In 1922, Representative Silbert introduced a bill that would allow the state to remove the painting. Several religious groups testified in the Massachusetts General Court, the state legislature, spoke in favor of the bill. The bill passed the Massachusetts House of Representatives on June 6, 1922, and passed the Massachusetts Senate on June 9. The bill would have permitted the Massachusetts Department of Education to seize the painting through eminent domain. However, questions were raised as to whether the bill violated the Constitution of Massachusetts, and the Department of Education could not find a suitable place to exhibit Synagogue. The bill was struck down as unconstitutional and repealed in 1924. The same year, an unidentified person smeared an ink-like fluid on the painting.

=== Defense and Sargent's response ===
Sargent himself, averse to controversy and public statements, said little to the press about the controversy. One Boston newspaper reported in 1922 that he "made it known through a friend that no reflection on the Jewish race was intended." Privately, he asserted that the painting was justified due to its medieval precedent, and expressed gratitude that the library allowed it to remain.

After the installation of Synagogue, the final panel of the cycle, a representation of the Sermon on the Mount, was never installed. Although it could be argued that Sargent’s death caused the mural to remain unfinished, Promey notes that Sargent never tried to collect his final payment for the mural, pointing towards the fact that he had stopped working on it.

The American Fine Art Society, following the controversy, passed a resolution defending Sargent, and American Art News wrote that, "whether judiciously chosen or not, the subject was historically correct. It belonged logically in the series."

== Present status ==
The painting remains visible in the Boston Central Library today.

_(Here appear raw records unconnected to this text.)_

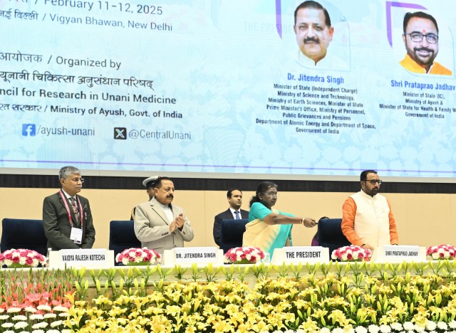 രാഷ്ട്രപതി 'യുനാനി വൈദ്യശാസ്ത്രത്തിലെ നൂതനാശയങ്ങൾ സമഗ്ര ആരോഗ്യ പരിഹാരങ്ങൾക്കായി' എന്ന വിഷയത്തെക്കുറിച്ചുള്ള അന്താരാഷ്ട്ര സമ്മേളനം ഉദ്ഘാടനം ചെയ്തു.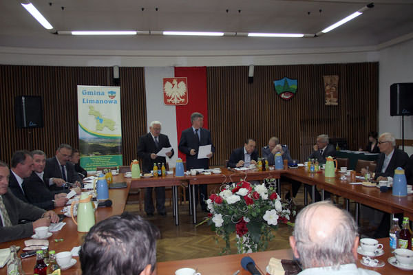 W dniu 9 maja br. w sali konferencyjnej Urzędu Gminy Limanowa odbyła się XIV sesja Rady Gminy Limanowa. W obradach sesji, oprócz radnych, udział wzięli kierownicy gminnych jednostek organizacyjnych, kierownicy wydziałów Urzędu Gminy, sołtysi z terenu gminy, a także zaproszeni goście: Tadeusz Stachak - Zastępca Komendanta Powiatowego Policji w Limanowej oraz Jacenty Musiał i Marcin Matras - Radni Powiatu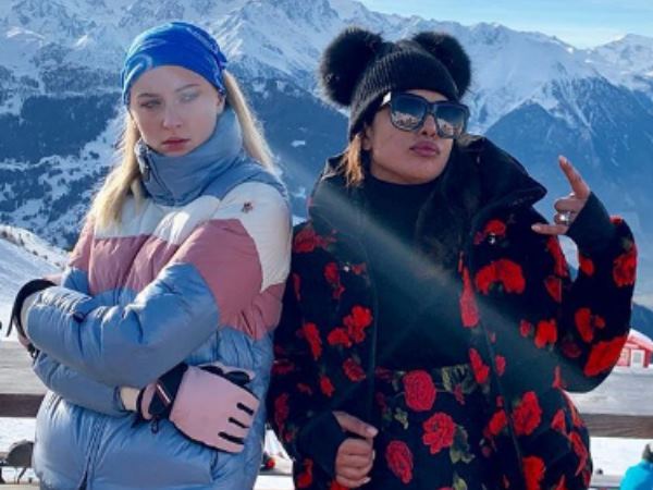 परिवार और दोस्तों के साथ प्रियंका ने की स्कीइंग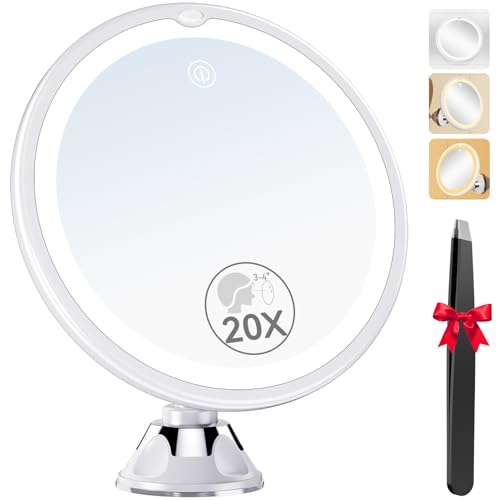 Auxmir - 20X Magnifying Lighted Vanity Mirror with Suction Cup & Tweezers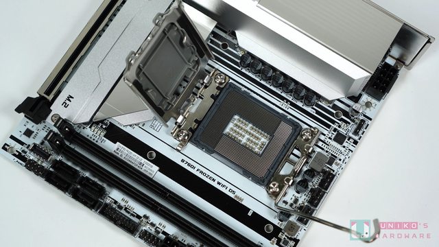 管 CPU 蓋子以保護下方插槽。CPU 插槽內和背面同樣塞滿了小小的 MLCC,應該與那個 TRA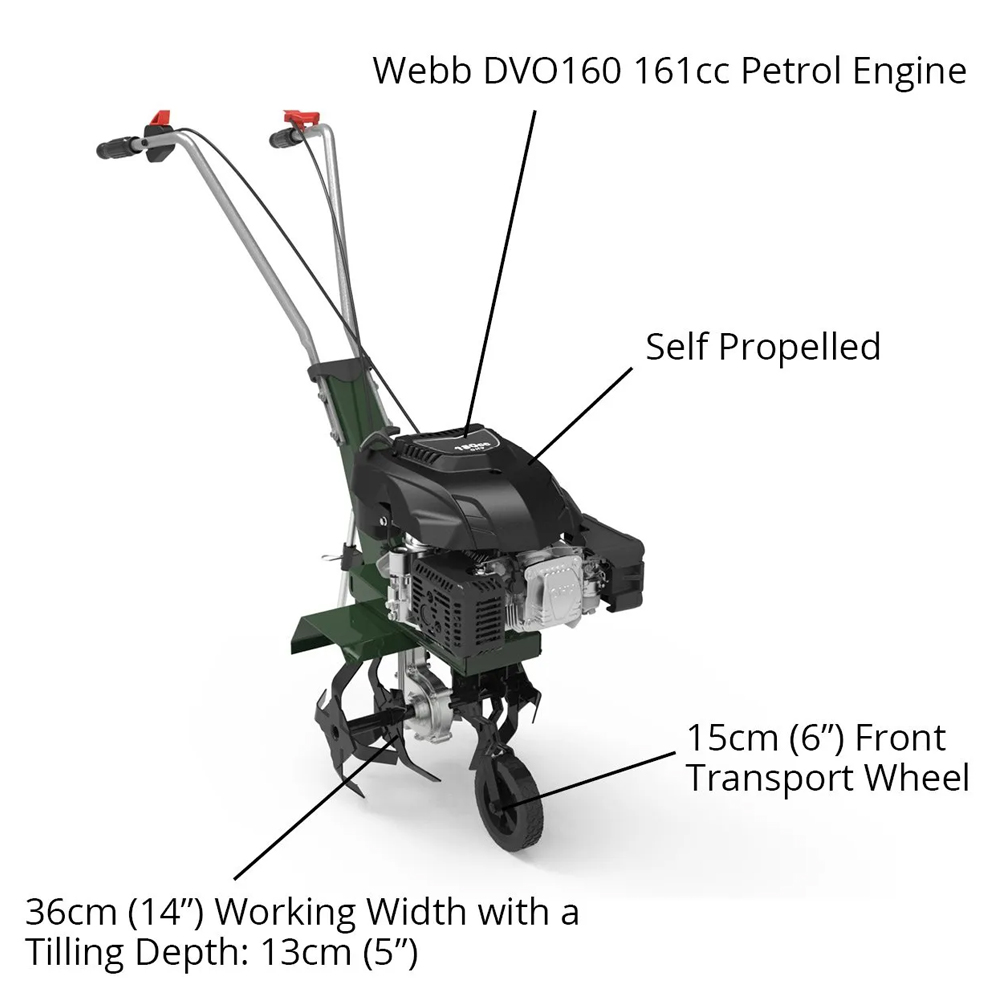 - EXCELLENT 36cm (14″) WORKING WIDTH – this high-performance powerful 161cc OHV engine tiller from Webb will help deliver excellent preparation for your vegetable garden. It has an adjustable depth skid and is fitted with a fixed handlebar and transport wheel, making it easy to store and manoeuvre.

Starting in 2003, Harvard Art Museums' Straus Center for Conservation commenced a restoration of the Sargent murals, which was completed in 2004. As part of the renovation, signs explaining the murals were installed alongside the artwork. When the murals were restored, BPL president Bernie Margolis invited several Jewish leaders to observe Synagogue. The Boston Globe wrote that not only had the controversy over the mural largely been forgotten—several Jewish leaders did not even know what the mural depicted until they were informed about it—but there were also no active calls to remove Synagogue, even among Jewish groups.